またゼンソクの治療法は現在非常に進歩してきており、受診をして治療を受けて頂くことにより速やかに症状を軽減させることが可能です。具体的には、ステロイドという炎症を抑える薬を中心に、気管支を拡げる薬や、アレルギーを抑える薬を使用します。これらの薬の投与方法は、点滴・吸入・内服などを症状に応じて使い分けます。そして、その量も症状に応じて調節します。症状が安定していれば投薬量を減らしていくことも可能です。ゼンソクという病気は医者が診察した症状よりも自分で感じる病状の方が軽いものです。自分では良くなったと思っていても、聴診するとまだゼーゼーしているのです。症状を完全に落ち着かせるためには、しっかりとした量の治療薬を少なくとも数ヶ月単位で継続することが必要です。

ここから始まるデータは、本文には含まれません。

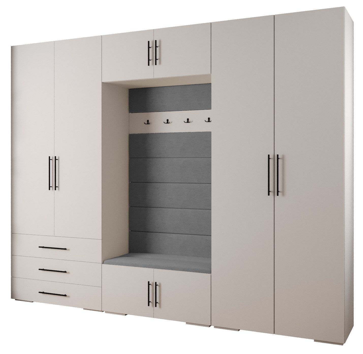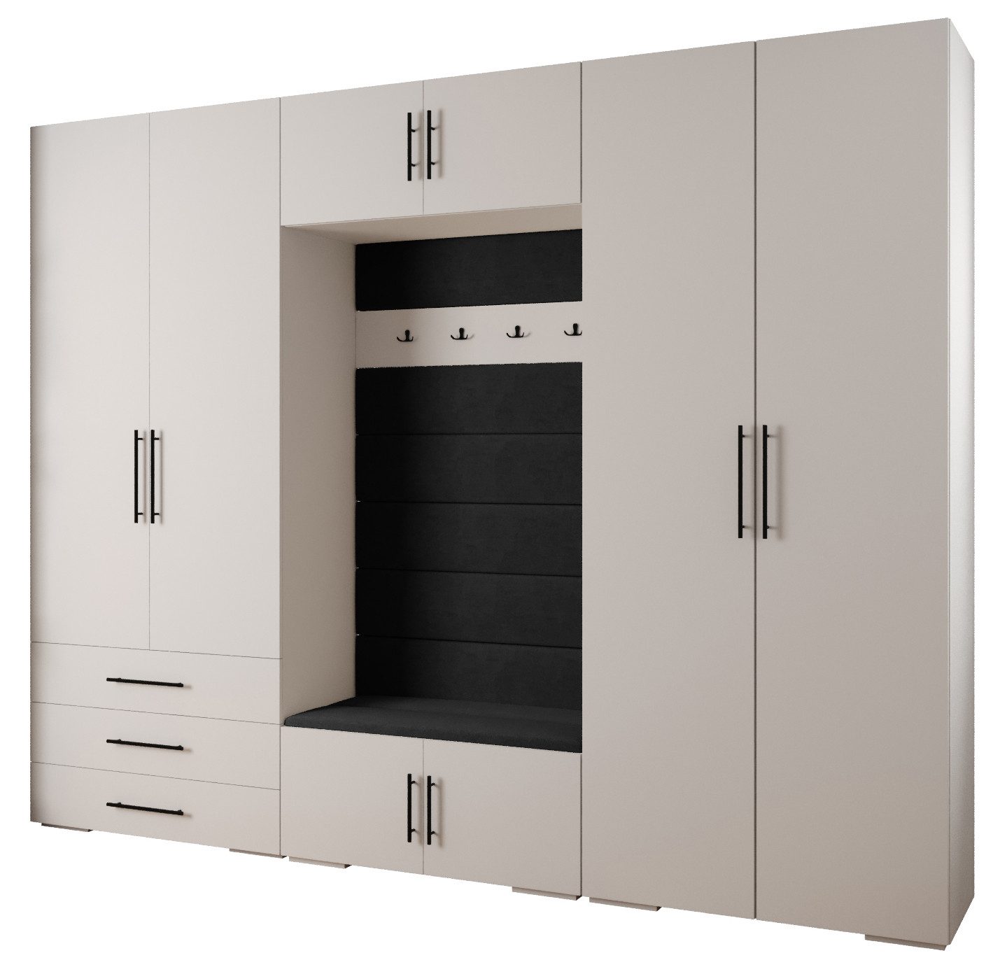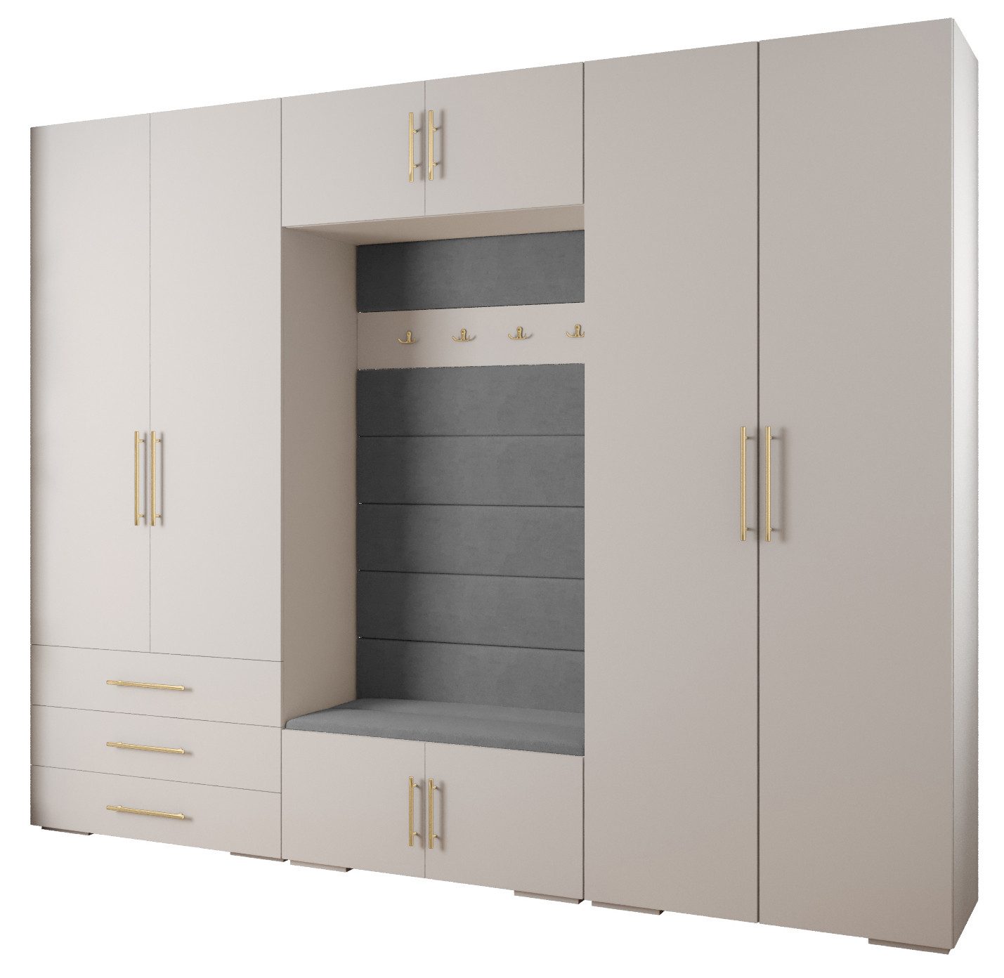 Technische Spezifikationen: Höhe: 236,7 cm, Breite: 300 cm, Tiefe: 47 cm. Erhältliche Farben des Korpus: Mattschwarz, Mattweiß und Kaschmir. Erhältliche Farben des Griffs: Mattschwarz oder Mattgold.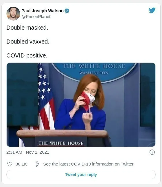 重磅新聞來一條,據各家大媒體綜合報道,美國拜登政府白宮發言人Jen Psaki在一份聲明中説,**她10月31日的新冠病毒檢測呈陽性。**她表示她上一次見到拜登總統是在10月26日。
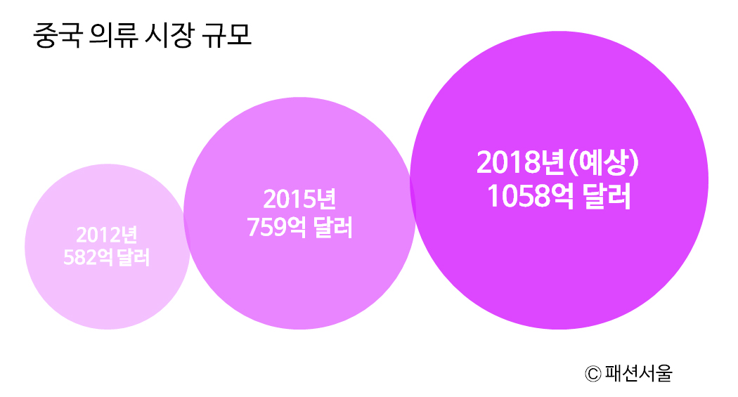 패션업체들이 국내 패션 시장의 위축으로 어려움을 겪자 거대 소비 시장인 중국 내수 시장에서 활로를 찾고 있는데 중국은 경기 침체에도 불구하고 패션 시장은 여전히 가파른 성장세를 보이고 있다. 이는 ‘K패션’에 대한 좋은 이미지와 지난해 12월 발효된 한·중 FTA(자유무역협정)의 체결로 국내 기업들의 중국 진출이 급물살을 타고 있는 것.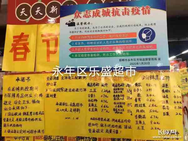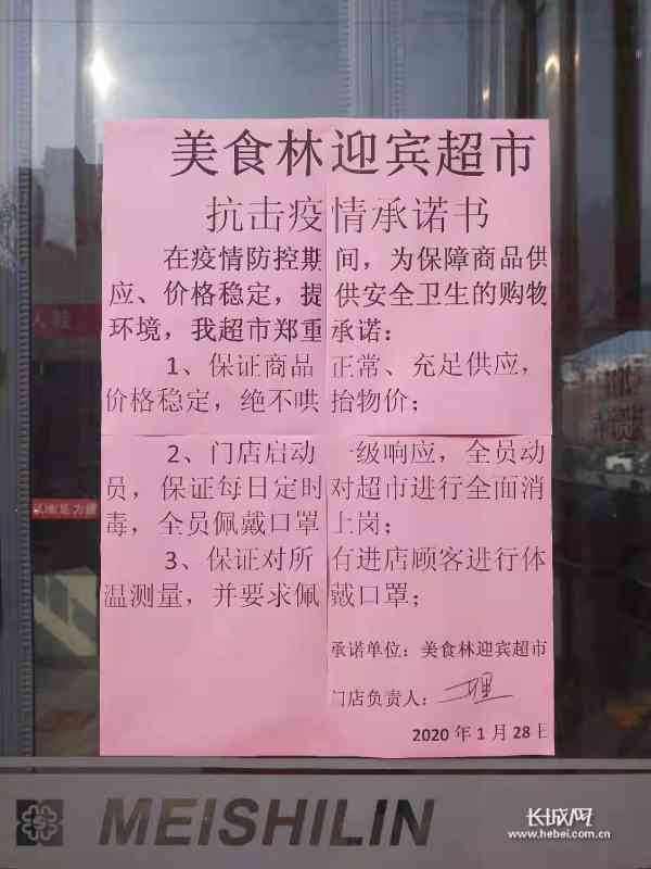 长城网邯郸讯(记者霍文龙 通讯员常领山)“本商场郑重承诺:疫情期间,蔬菜、米面粮油和肉类等生活用品价格不会涨、货源不会断,请大家不要恐慌,不要囤货”,邯郸市永年区美食林超市宣传橱窗的一张大红纸告示十分醒目。1月29日,记者在永年区走访,发现该区超市、商场门口都贴有这样的告示,各大商场、超市、药店内蔬菜、米面粮油和防护用品等基本用品供应充足,价格稳定,没有出现居民抢购风潮。

そしてまた大事な点は、ゼンソクは高血圧やコレステロール異常などの病気と同様に「慢性疾患」と呼ばれる病気であるという点です。症状が出ている期間だけがゼンソクなのではなく、普段からゼンソクという「体質」なのであり、治療は継続することも大事で、少なくとも吸入ステロイドは中止すべきではないと考えられています。症状が出ていないと治療を受けるのは億劫になりますが、ゼンソクと診断されたら病気のことをよく知ってしっかり継続して治療を受けるようにしましょう。
また、タバコはゼンソクを悪化させる大きな原因の一つです。自分が止めるのはもちろん、周りの人のために止めてあげる優しさも大事です。